In a report on the phenomenon entitled “Selfies,” economist Edward Yardeni called the shift “remarkable,” and warned that the rising number of single adults will have  “implications for our economy, society and politics.”

For one thing, singles, particularly younger “Millennials” who came of age during the ongoing recession, are more likely to rent their homes than buy them – a choice associated with much lower levels of community involvement. 

“This is a generation that is scared of commitment, wants to be light on their feet and needs to adjust to whatever happens,” Cliff Zukin, a professor of public policy at Rutgers University, told Bloomberg News. “What once was seen as a solid investment, like a house or a car, is now seen as a ball and chain with a lot of risk to it.”
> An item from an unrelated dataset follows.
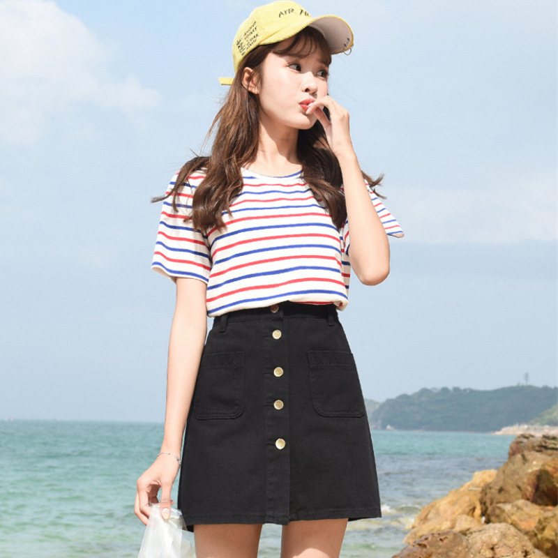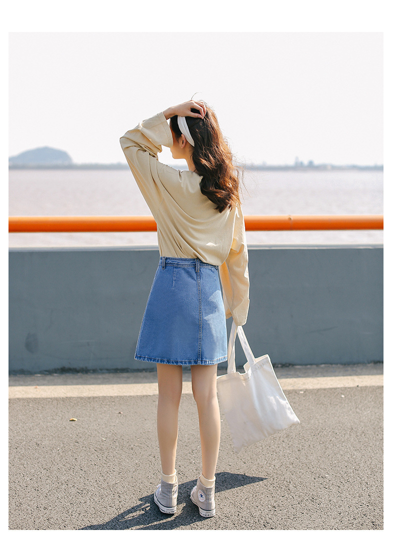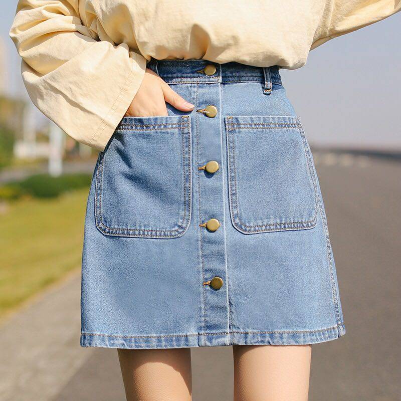 데님 치마 여자 2025 봄과 여름 신학생 하이웨이스트 한국 A 라인 스커트 인스타그램 원스텝 힙합 스커트스토어 가기

Perhaps the same can be said about marriage.  More young adults than ever before are delaying marriage or passing on it completely, believing it to be obsolete.  A recent Pew poll found that only 29 percent of Millennials said they believe it’s in society’s best interest to prioritize marriage and kids, compared to 61 percent of people aged 65 and older.
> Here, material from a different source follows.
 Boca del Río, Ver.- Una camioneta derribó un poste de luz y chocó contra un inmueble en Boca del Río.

Writing for the Guardian newspaper, Millennial columnist Samhita Mukhopadhyay said she thinks her generation’s aversion to commitment has a lot to do with growing up in the digital age. 
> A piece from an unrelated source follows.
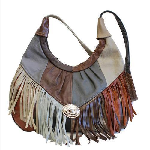 The leather fringe in the front gives it a fun back to the 60's look. The unique multi color patches help to make this purse match with any outfit you would choose.

“I blame Tinder,” Mukhopadhyay wrote, referencing a popular dating app that lets users swipe through photos of potential love matches. “In the internet economy, choices are endless (you can always swipe left) – and choosing just one person can be impossible when you are always wondering what else could be out there. I want to believe that the multiplicity of choices has led us all to make more refined decisions, but it probably compounds the feeling of just not being ready to decide quite yet.”

Click “like” if you want to defend true marriage.

“Single and ‘loving it’ is hardly the reality,” Mukhopadhyay added.  “These days it’s more like, ‘single and ambivalent while swiping right to questionable men on Tinder.’ I am grateful that retrograde ideas of dating and love are being disrupted by a new generation of people trying to make it work outside the confines of a traditional nuclear family. But, I am perplexed because, despite the infinite choices, it can still feel like you don’t have any.”

Mukhopadhyay’s reference to “retrograde” ideas of dating and love, particularly her description of the “traditional nuclear family” as being somehow “confining,” highlight another major change being wrought by the declining rate of marriage in the U.S.: According to another recent study, there is no such thing as an “average” family anymore.

Researchers with the Council on Contemporary Families found that only 22 percent of children are being raised in the “traditional” arrangement of a married stay-at-home mother and a breadwinner father.  Out of all the possible family types, the most common is a dual-career household led by a working mom and dad, but even these families represent only 34 percent of the whole.  Twenty-three percent of children are being raised by single mothers, only half of whom have ever been married.  The rest are being raised by cohabitating unmarried couples (7 percent), single fathers (3 percent), grandparents (3 percent), or someone outside the family.

Brad Wilcox, director of the National Marriage Project at the University of Virginia, told the Deseret News that the increasing trend away from marriage and toward alternative arrangements is cause for concern.

“Kids raised by their own intact, married parents are more likely to flourish,” Wilcox said.  “Given that, public policy should help strengthen both the economic and the married foundations of family life for kids in the United States.”

“It's important to note that much of the family diversity today in the United States fuels family inequality,” Wilcox added.  “That's because adults and children in single-parent families are less likely to have and acquire the social and economic resources they need to flourish in contemporary America.”